Reason, author of the anti-aging blog Fight Aging and CEO of Repair Biotechnologies, still isn’t convinced that methylation is very useful in assessing biological age or the efficacy of various therapeutics, despite the wide use of methylation-based clocks.
He surprised me at this year’s Longevity Therapeutics conference in San Francisco by speaking out about the utility of the now widely used epigenetic/methylation clocks pioneered by Steve Horvath, Morgan Levine, and others. I attended the conference on behalf of the Lifespan Extension Advocacy Foundation (LEAF) for my second year in a row, and I enjoyed the sessions and the discussions.
I asked Reason a couple of questions about epigenetic clocks in that session and circled back with him later in this email conversation.
Why are many scientists so gung ho about using methylation clocks in aging studies if the scientific support is lacking? For example, in my recent interview with David Sinclair, I asked about the broader issue of whether epigenetic changes are a cause or consequence of aging, and he was clear in arguing that they are a cause.
Everyone is using methylation clocks because (a) producing that data is a part of trying to make them useful, and (b) it is really useful to convince investors, grant writers, etc who have an unsophisticated view of this.
Are we on the right track to make methylation clocks useful in aging studies, or are the required follow-up calibration studies just not being done yet?
I think the community is on the right track, more or less, but they aren’t being rigorous enough. It is too ad hoc, and this will be slower.
David Sinclair conducted the research showing that epigenetic change is downstream of double-strand breaks. If that bears out, it is only a cause in the looser sense of the word cause. Not a root cause. A point of intervention a few items removed from the cause.
Josh Mitteldorf has argued that it probably wasn’t HGH that led to thymus gland regrowth in the TRIIM trial and that the other four factors (metformin, Vitamin D, DHEA and zinc) were probably more impactful. Do you think that what he argues has any merit?
I don’t think Mittledorf’s argument holds water, given the other evidence for growth hormone to produce thymic regrowth in animal models, but it is testable.
What biomarkers do you consider useful at this time, if not methylation clocks? Please elaborate.
Which biomarkers of aging are useful at this time for rejuvenation therapies: probably some of them, but whether or not that is the case has yet to be proven. People will (and probably should) take the reasonable position that composite biomarkers of frailty are meaningful and that we should pay attention to approaches that can reverse them. But all of the others have yet to be shown to be good enough that one can test new approaches to rejuvenation against them and be prepared to stand by the results.
How do you explain the success of clocks like GrimAge at predicting timing of disease and time to death if methylation clocks aren’t measuring anything meaningful?
All these items, such as GrimAge, are measuring something related to aging. The reason why we can’t just then use them to test any new approach is that we don’t know whether or not these clocks (or other biomarkers) are measuring everything relating to age. Rejuvenation therapies will fix specific line items, reverse specific forms of damage. Since aging is a network of interacting forms of damage, it is perfectly possible to get good correlations with biomarkers that are only sensitive to the consequences of one or two forms of damage or are overly sensitive to one specific consequence. So you really don’t know whether what you observe in the biomarker results are in any way reflective of how useful any given potential rejuvenation therapy might be.

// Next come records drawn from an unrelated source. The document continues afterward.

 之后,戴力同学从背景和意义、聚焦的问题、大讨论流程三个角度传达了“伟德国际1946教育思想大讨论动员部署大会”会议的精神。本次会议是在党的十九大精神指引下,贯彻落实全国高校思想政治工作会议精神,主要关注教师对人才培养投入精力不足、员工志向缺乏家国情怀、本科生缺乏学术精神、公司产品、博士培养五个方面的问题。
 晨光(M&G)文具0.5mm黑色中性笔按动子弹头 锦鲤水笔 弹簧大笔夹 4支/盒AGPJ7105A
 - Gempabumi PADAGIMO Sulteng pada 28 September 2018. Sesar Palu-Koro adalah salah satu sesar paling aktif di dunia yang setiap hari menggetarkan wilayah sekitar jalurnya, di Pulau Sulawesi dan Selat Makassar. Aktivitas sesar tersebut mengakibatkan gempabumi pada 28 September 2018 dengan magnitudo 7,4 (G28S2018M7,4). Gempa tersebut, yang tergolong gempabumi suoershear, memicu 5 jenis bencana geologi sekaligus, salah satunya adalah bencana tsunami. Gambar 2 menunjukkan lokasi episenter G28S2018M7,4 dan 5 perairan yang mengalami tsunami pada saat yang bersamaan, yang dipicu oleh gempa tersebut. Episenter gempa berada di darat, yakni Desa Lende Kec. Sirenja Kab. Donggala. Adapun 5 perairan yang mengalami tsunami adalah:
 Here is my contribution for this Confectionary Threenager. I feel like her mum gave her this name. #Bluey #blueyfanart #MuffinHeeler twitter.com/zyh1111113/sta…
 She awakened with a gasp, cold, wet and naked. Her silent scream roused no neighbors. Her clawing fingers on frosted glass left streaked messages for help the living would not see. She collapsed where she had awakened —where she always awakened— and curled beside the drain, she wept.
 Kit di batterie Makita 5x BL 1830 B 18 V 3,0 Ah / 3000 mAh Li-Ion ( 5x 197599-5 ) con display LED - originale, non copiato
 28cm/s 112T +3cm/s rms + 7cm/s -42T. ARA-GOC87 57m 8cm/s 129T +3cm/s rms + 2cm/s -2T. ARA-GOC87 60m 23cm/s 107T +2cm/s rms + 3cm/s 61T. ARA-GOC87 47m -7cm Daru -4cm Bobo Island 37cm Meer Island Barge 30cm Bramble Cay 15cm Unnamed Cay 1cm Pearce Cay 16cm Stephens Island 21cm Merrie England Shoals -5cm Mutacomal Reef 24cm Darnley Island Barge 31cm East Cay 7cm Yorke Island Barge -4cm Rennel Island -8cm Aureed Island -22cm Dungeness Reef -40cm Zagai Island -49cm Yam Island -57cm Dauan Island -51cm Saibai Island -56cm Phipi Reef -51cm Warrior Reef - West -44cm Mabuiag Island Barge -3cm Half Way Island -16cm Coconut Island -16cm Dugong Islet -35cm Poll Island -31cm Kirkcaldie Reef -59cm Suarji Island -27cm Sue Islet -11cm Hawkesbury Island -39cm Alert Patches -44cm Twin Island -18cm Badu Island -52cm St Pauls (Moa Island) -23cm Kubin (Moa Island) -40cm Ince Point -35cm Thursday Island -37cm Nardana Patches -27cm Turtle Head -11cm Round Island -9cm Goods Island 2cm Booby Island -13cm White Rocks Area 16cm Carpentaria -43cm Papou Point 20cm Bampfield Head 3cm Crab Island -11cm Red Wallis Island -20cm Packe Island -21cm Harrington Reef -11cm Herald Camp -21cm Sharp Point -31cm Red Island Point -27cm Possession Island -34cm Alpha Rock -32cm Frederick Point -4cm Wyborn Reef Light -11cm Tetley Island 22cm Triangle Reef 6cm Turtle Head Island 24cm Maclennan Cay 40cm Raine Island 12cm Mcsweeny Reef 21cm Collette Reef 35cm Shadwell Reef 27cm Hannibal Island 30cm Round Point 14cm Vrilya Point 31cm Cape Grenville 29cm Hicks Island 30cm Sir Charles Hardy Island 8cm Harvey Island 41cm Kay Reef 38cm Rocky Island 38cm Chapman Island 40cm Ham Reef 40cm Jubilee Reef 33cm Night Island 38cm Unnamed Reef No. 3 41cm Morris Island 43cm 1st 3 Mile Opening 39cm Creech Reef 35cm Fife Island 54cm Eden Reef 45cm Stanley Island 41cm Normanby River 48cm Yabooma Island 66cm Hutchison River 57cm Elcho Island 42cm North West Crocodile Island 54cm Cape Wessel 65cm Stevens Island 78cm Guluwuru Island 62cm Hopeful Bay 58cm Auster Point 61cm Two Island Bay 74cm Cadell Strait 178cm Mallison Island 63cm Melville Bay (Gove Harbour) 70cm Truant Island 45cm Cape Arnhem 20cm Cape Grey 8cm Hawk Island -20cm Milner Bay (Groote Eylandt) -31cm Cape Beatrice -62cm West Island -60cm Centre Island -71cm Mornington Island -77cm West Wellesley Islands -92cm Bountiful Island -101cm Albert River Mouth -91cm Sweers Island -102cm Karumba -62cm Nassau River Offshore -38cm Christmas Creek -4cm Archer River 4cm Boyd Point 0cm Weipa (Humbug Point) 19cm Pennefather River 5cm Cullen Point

This is very true for the epigenetic clocks. It is a reasonable position to suggest that frailty rolls up pretty much everything in aging, and therefore we should expect results on frailty to be indicative of how useful a rejuvenation therapy is across the board – but that still may or may not be usefully true. It is only plausible.
Now, for specific age-related diseases, one can of course see whether or not something works. There are very clear goals and metrics. If you have a potential rejuvenation therapy, and it fixes arthritis (as is the hope for senolytics), then you put it through the FDA process for arthritis and let the longer battle of discovery relating to everything else in aging play out thereafter. Which is pretty much what everyone will do in the present generation of companies in the longevity industry.
Can you elaborate on the basis for your thymus rejuvenation approach and how it’s developing? What biomarkers will you use to test effects?
Our work on regrowth of the thymus is based on upregulation of FOXN1, a master regulator of thymic growth and function. Its expression declines with age, and that is the proximate reason as to why the thymus atrophies and the supply of T cells declines. So we build gene therapies to produce greater expression of FOXN1, which causes the thymus to increase its cellularity and start turning out more useful T cells. We’re presently past the proof of principle stage in mice and working on the formulation of the therapy. Simple biomarkers are fairly well established for anything to do with a faltering immune system; a great deal of work has taken place in connection with HIV in the past few decades, for example. One uses flow cytometry to count immune cells with various different surface markers indicating different populations: in our case, we want to see more naive T cells in the usual proportions, split between CD4+ and CD8+ types that are effective at tackling pathogens and errant cells. This is not so different from the HIV therapies in which researchers and clinicians are looking for CD4+ cell counts as a measure of how damaged the immune system has become and how much it might have recovered following treatment.